- _What you are asked to do_: What you should give back is every line from the one containing "トレッキングスタイルから着想" through the last line of the records below, word for word and without pictures.

****

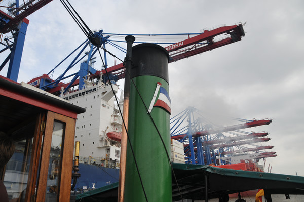 Technik pur. Stahl, Nieten, Öl und Wasserdampf. Was will man mehr. Mit einer Länge von knapp 18m und einem Tiefgang von 2,5 verdrängt der 'Tiger' 65 Bruttoregistertonnen (184m³). Die 2-Zylinder- Expansionsdampfmaschine leistet 240PS und lässt den 'Tiger' bei 130 Umdrehungen mit bis zu 9 Knoten (16 km/h) durch die Elbe pflügen.
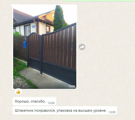 Хотим поблагодарить сотрудников Торговый Дом «Центр Металлокровли» за отличную и четкую работу. При обращении к вам получили полную информацию об интересующем нас евроштакетнике. Заказ был выполнен и доставлен вовремя. Всем довольны. СПАСИБО!
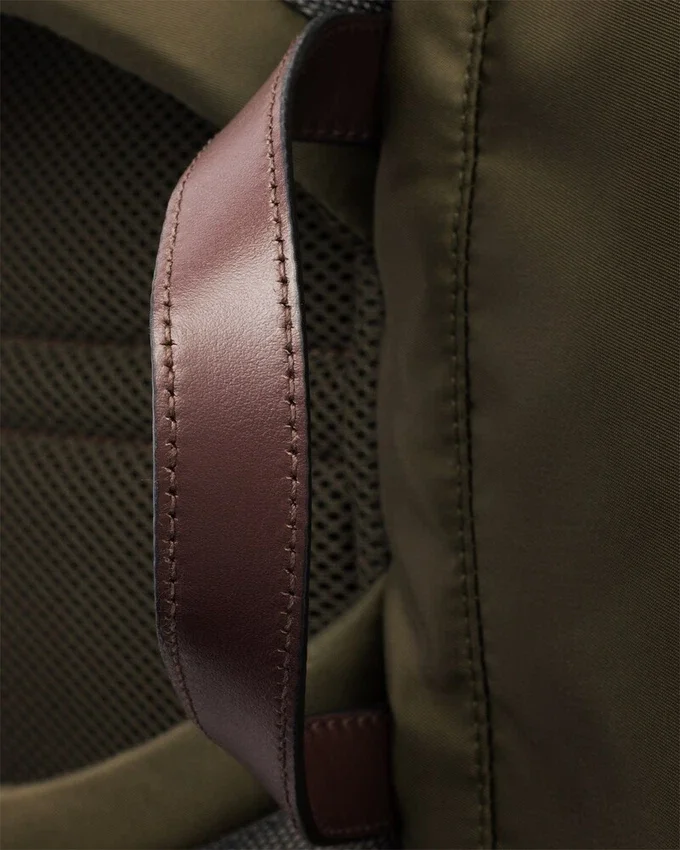 トレッキングスタイルから着想を得たこの「Re-Nylon」バックパックは、都会的なスタイルとアウトドアの要素を融合させています。レザーのトリムをあしらった広々としたデザインで、内外に複数のポケットを備え、背面に快適なパッド入りメッシュ生地を採用しています。機能性と装飾性を兼ね備えたテクニカルなディテールが、このモダンでスポーティーなアクセサリーを完成させています。 製品の特徴を保ち、マイクロファイバーの抜け落ちを抑えるため、頻繁な洗濯は避けてください。使用後は毎回風通しの良い場所で乾かし、ラベルに記載されている洗濯表示に従ってください。
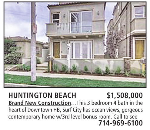HUNTINGTON BEACH $1,508,000 Brand New Construction…This 3 bedroom 4 bath in the heart of Downtown HB, Surf City has ocean views, gorgeous contemporary home w/3rd level bonus room. Call to see 714-969-6100
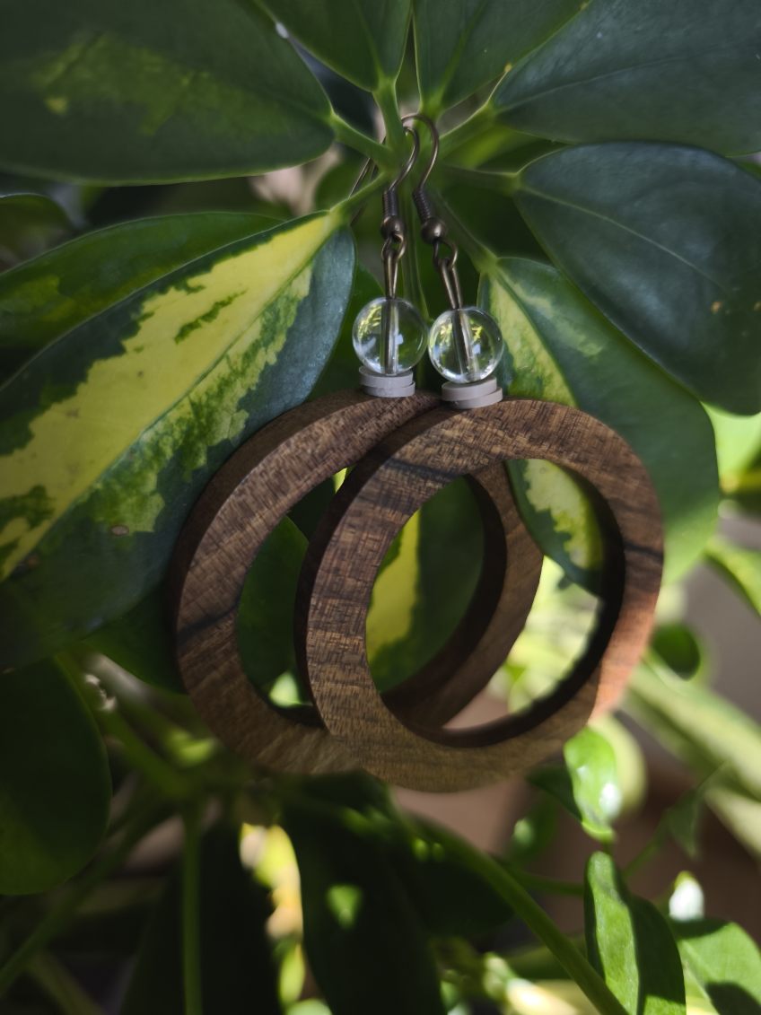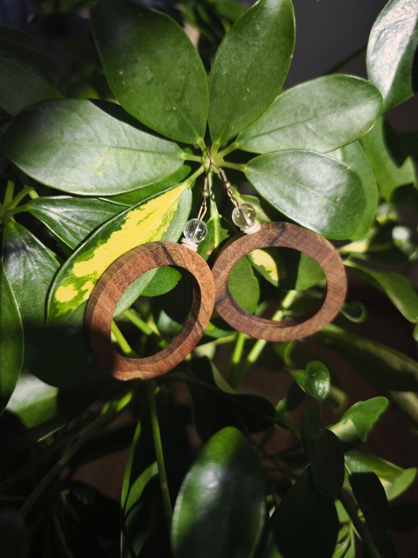 Créoles en bois de noyer et perles en cristal de roche.
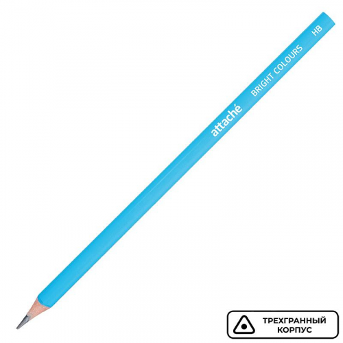 Карандаш чернографитный Attache в голубом пластиковом трехгранном корпусе. Поставляется заточенным, без ластика. Твердость - НВ. Материал ствола - полистирол. Длина стержня - 173-175 мм. Цвет стержня - черный. Диаметр грифеля - 1,8 мм.
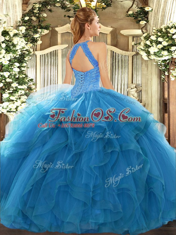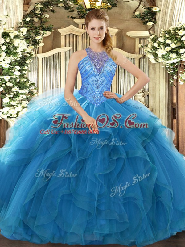 Teal High-neck Lace Up Beading and Ruffles Vestidos de Quinceanera Sleeveless

****

- _Exercise result_:
 トレッキングスタイルから着想を得たこの「Re-Nylon」バックパックは、都会的なスタイルとアウトドアの要素を融合させています。レザーのトリムをあしらった広々としたデザインで、内外に複数のポケットを備え、背面に快適なパッド入りメッシュ生地を採用しています。機能性と装飾性を兼ね備えたテクニカルなディテールが、このモダンでスポーティーなアクセサリーを完成させています。 製品の特徴を保ち、マイクロファイバーの抜け落ちを抑えるため、頻繁な洗濯は避けてください。使用後は毎回風通しの良い場所で乾かし、ラベルに記載されている洗濯表示に従ってください。
HUNTINGTON BEACH $1,508,000 Brand New Construction…This 3 bedroom 4 bath in the heart of Downtown HB, Surf City has ocean views, gorgeous contemporary home w/3rd level bonus room. Call to see 714-969-6100
 Créoles en bois de noyer et perles en cristal de roche.
 Карандаш чернографитный Attache в голубом пластиковом трехгранном корпусе. Поставляется заточенным, без ластика. Твердость - НВ. Материал ствола - полистирол. Длина стержня - 173-175 мм. Цвет стержня - черный. Диаметр грифеля - 1,8 мм.
 Teal High-neck Lace Up Beading and Ruffles Vestidos de Quinceanera Sleeveless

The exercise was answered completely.